De novo design of protein interactions with learned surface fingerprints
B. E. Correia P. Gainza S. Wehrle A. Van Hall−Beauvais A. Marchand A. Scheck Z. Harteveld S. Buckley D. Ni S. Tan F. Sverrisson C. Goverde P. Turelli C. Raclot A. Teslenko M. Pacesa S. Rosset S. Georgeon J. Marsden A. Petruzzella K. Liu Z. Xu Y. Chai P. Han G. F. Gao E. Oricchio B. Fierz D. Trono H. Stahlberg M. B. Bronstein
Physical interactions between proteins are essential for most biological processes governing life.
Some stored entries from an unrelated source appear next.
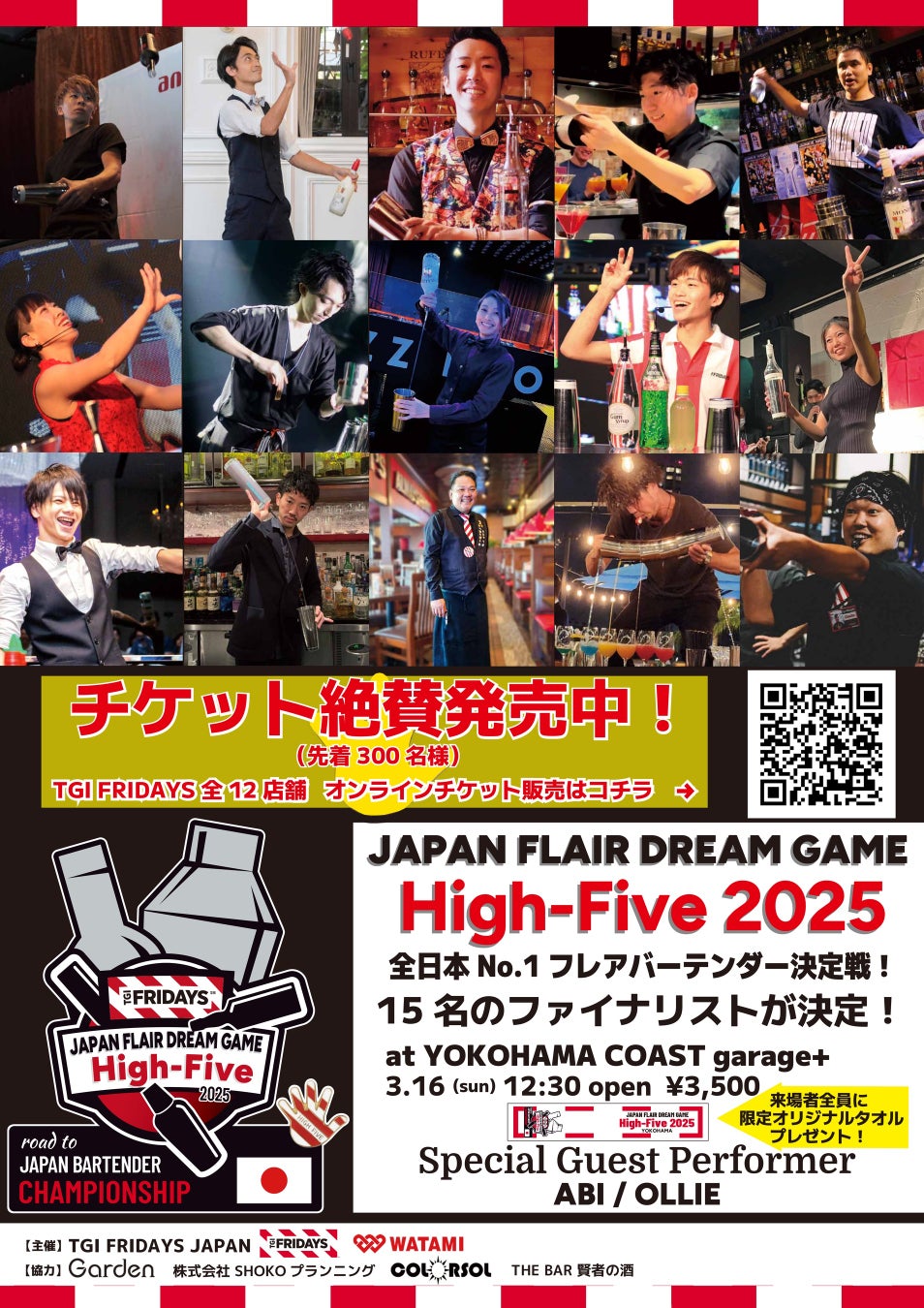 TGI Fridays Japan(本社:東京都大田区/以下:TGI フライデーズ)が、運営する、世界41か国で450店舗以上を展開するグローバルブランドのアメリカンカジュアルダイニングチェーン「TGI フライデーズ」は、2025年3月16日(日)、神奈川・横浜 YOKOHAMA COAST GARAGE+ にて開催される 全日本No.1フレアバーテンダー決定戦 『JAPAN FLAIR DREAM GAME High-Five 2025』 のファイナリスト15名が決定したことをお知らせいたします。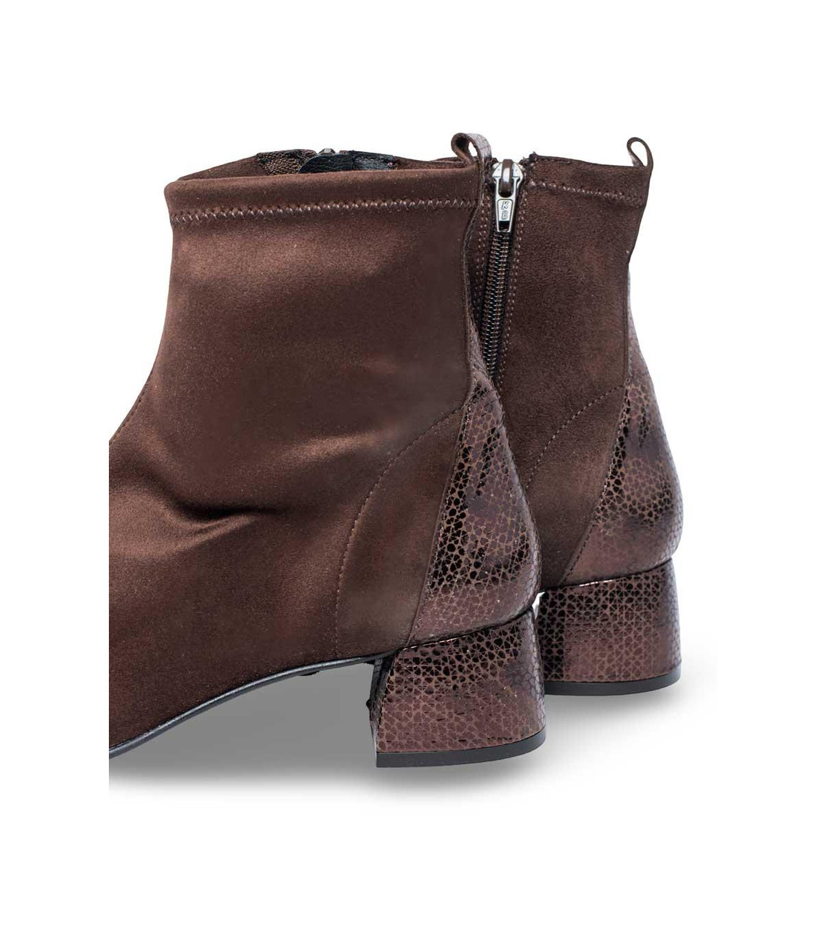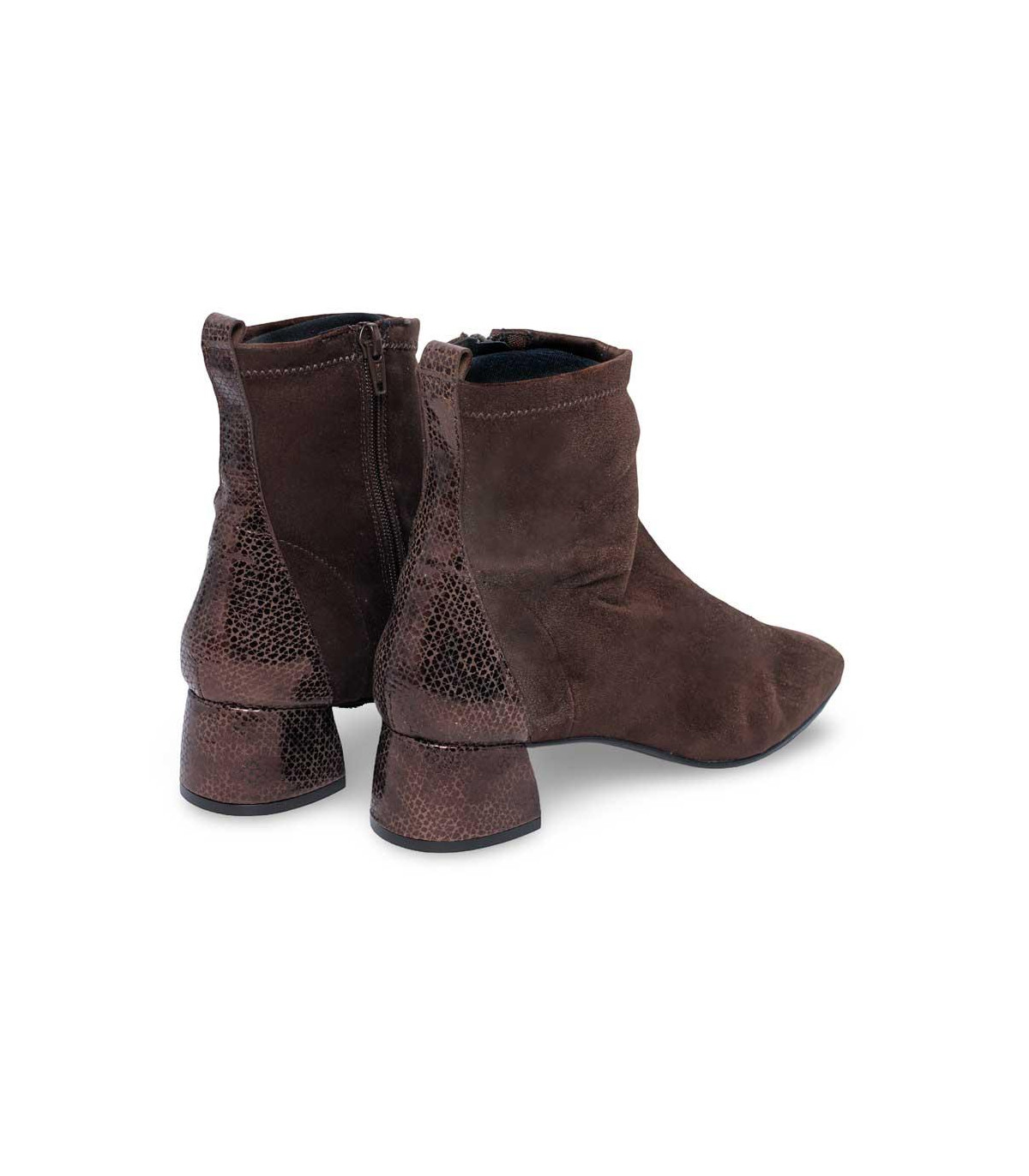 Botines con tacón de la firma Strover | Material exterior: Antelina | Forrado interior: Licra | Plantilla: Piel | Suela: Sintético antideslizante | Altura: 5 cm de tacón. Hecho en España.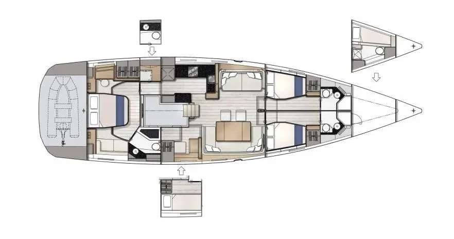 Interestingly, the accommodations layout is almost identical to the Swan 59 that we owned for many years, an exceptionally comfortable, bulletproof, and sea kindly offshore yacht. Sisterships tend to sell for <$500k.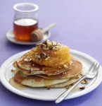 Palačinke razdelimo na dva krožnika, jih obložimo s pomarančnimi rezinami, prelijemo z medom, posujemo z grobo sesekljani pistacijami in še tople postrežemo.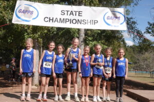 The elementary school girl’s cross country team won every single one of their meets, including state! These girls have worked hard in practice all season, which resulted in their wins. Karis Fisher (4th grade) says, “My coach and my teammates helped make this championship possible through the spirit and running together with teamwork.” All nine girls contributed to their team wins and worked hard to earn their “state champions” title. Races can be challenging at times, but Caroline Pace (4th grade) reminds herself “to breathe; and I tell myself that God loves me.” The junior girls team ran their hearts out this season, and we are eager to see what they will accomplish next year.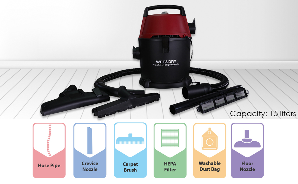 Package Includes Vacuum Cleaner, 5 Feet Flexible Hose Pipe, 2 x 1.5 Feet Extension pipes, Floor-cum-carpet brush, Wet brush with two separate mouths, Upholstery nozzle, Crevice Nozzle, Washable dust bag, HEPA filter, Instruction handbook, Warranty card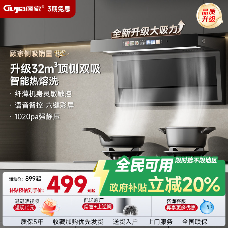 顾家抽油烟机家用厨房大吸力油烟机顶侧双吸变频7字小型吸烟机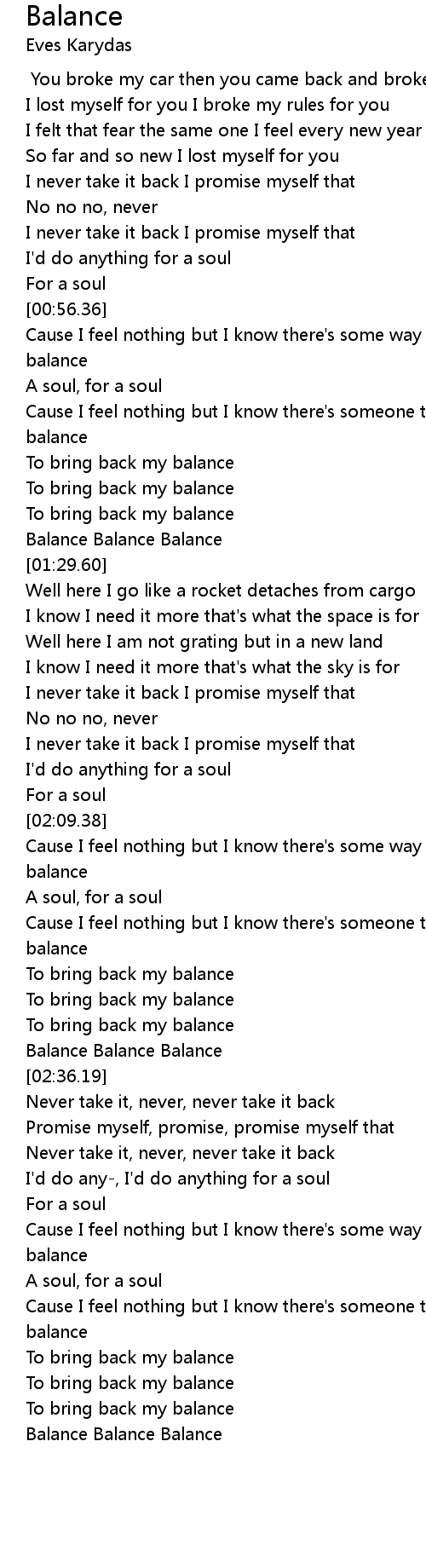 Cause I feel nothing but I know there's some way to bring back my balance |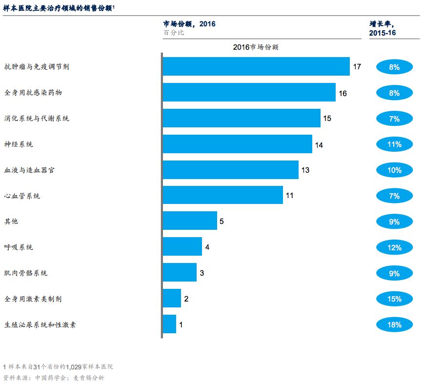 图片来自参考文献 3。来自 31 个省份的 1029 家样本医院主要治疗领域的销售份额。2015 年到 2016 年销售额占比及排名基本稳定。抗肿瘤与免疫调节、全身用抗感染药物和消化系统与代谢系统为前三大治疗领域,合并共占市场份额比 48%,但增速平缓。全身用激素类制剂和生殖泌尿系统和性激素领域成为增长最快的治疗领域,尽管其市场份额基数较小。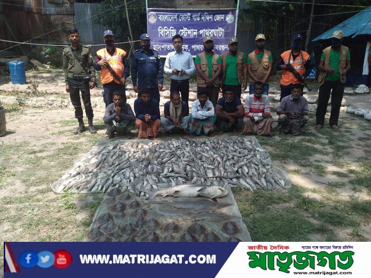পাথরঘাটা ৪ মন হাঙ্গর ও শাপলা পাতা জব্দ ৯ জনকে জরিমানা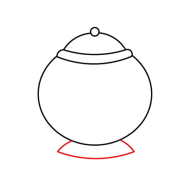 Pod hlavní část nakreslete krátkou, mírně zakřivenou čáru, která bude představovat základnu nebo nohu konvice.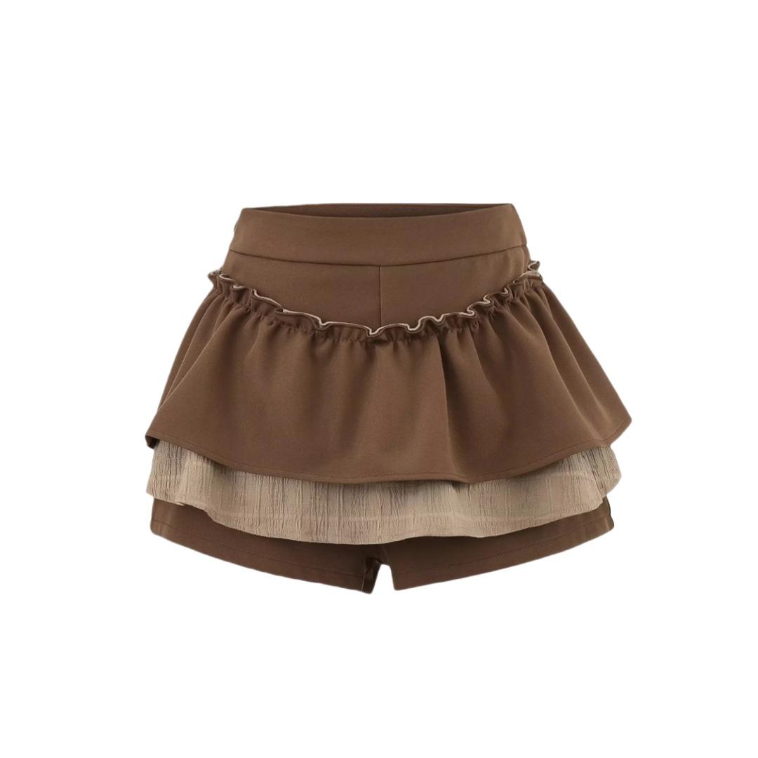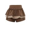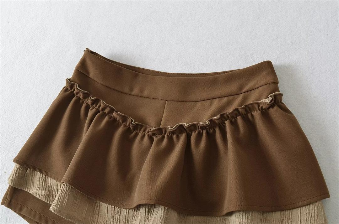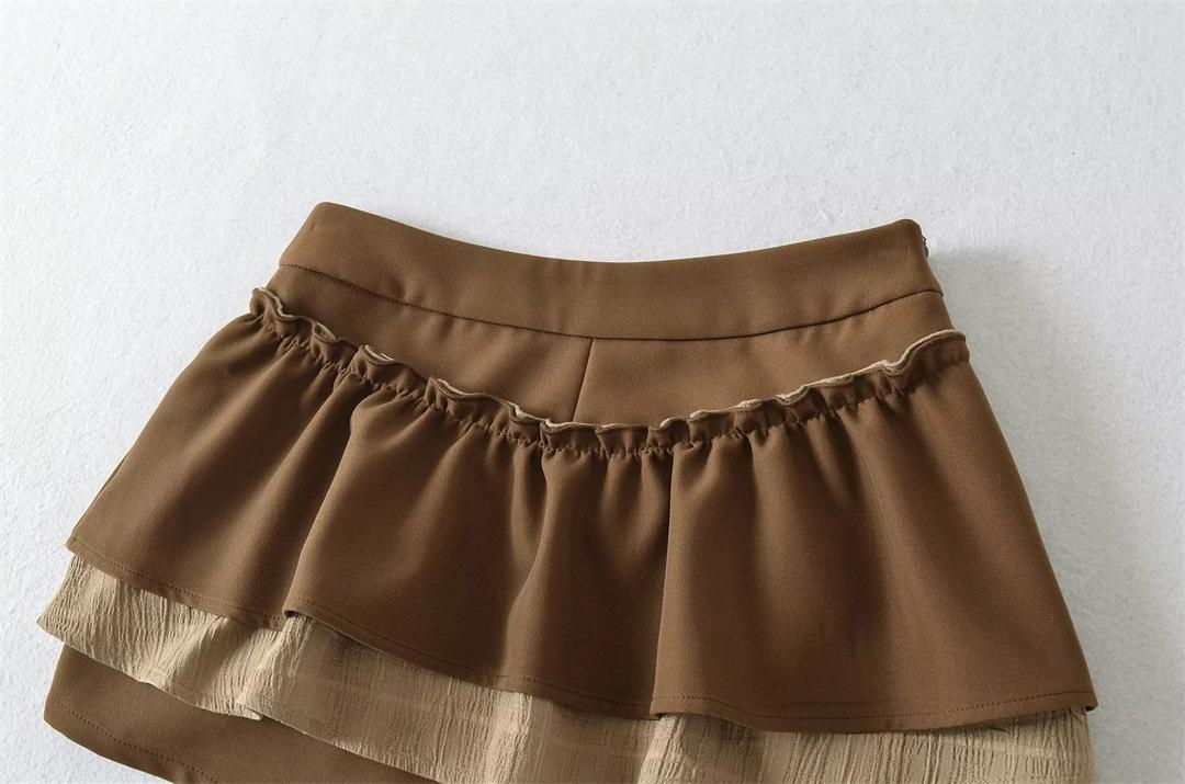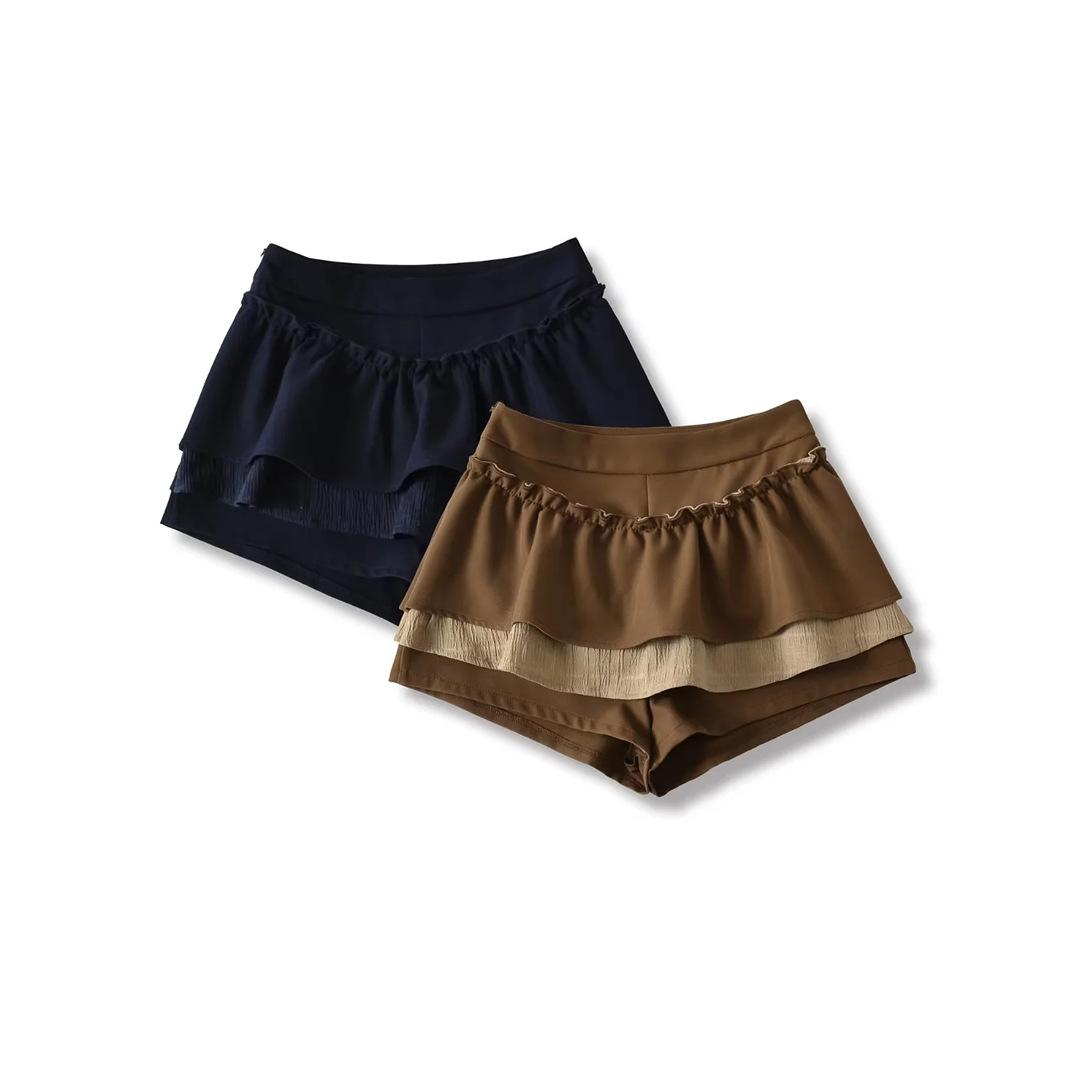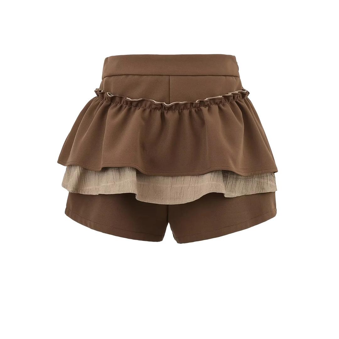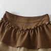 Dulce Falda de Tres Capas Retro Cintura Alta Volante Plisada Abullonada Falda Corta Mujer Anti-Exposición Empalmada Bloque de Color Media Falda

However, the molecular determinants of such interactions have been challenging to understand, even as genomic, proteomic and structural data increase. This knowledge gap has been a major obstacle for the comprehensive understanding of cellular protein–protein interaction networks and for the de novo design of protein binders that are crucial for synthetic biology and translational applications. Here we use a geometric deep-learning framework operating on protein surfaces that generates fingerprints to describe geometric and chemical features that are critical to drive protein–protein interactions. We hypothesized that these fingerprints capture the key aspects of molecular recognition that represent a new paradigm in the computational design of novel protein interactions. As a proof of principle, we computationally designed several de novo protein binders to engage four protein targets: SARS-CoV-2 spike, PD-1, PD-L1 and CTLA-4. Several designs were experimentally optimized, whereas others were generated purely in silico, reaching nanomolar affinity with structural and mutational characterization showing highly accurate predictions. Overall, our surface-centric approach captures the physical and chemical determinants of molecular recognition, enabling an approach for the de novo design of protein interactions and, more broadly, of artificial proteins with function.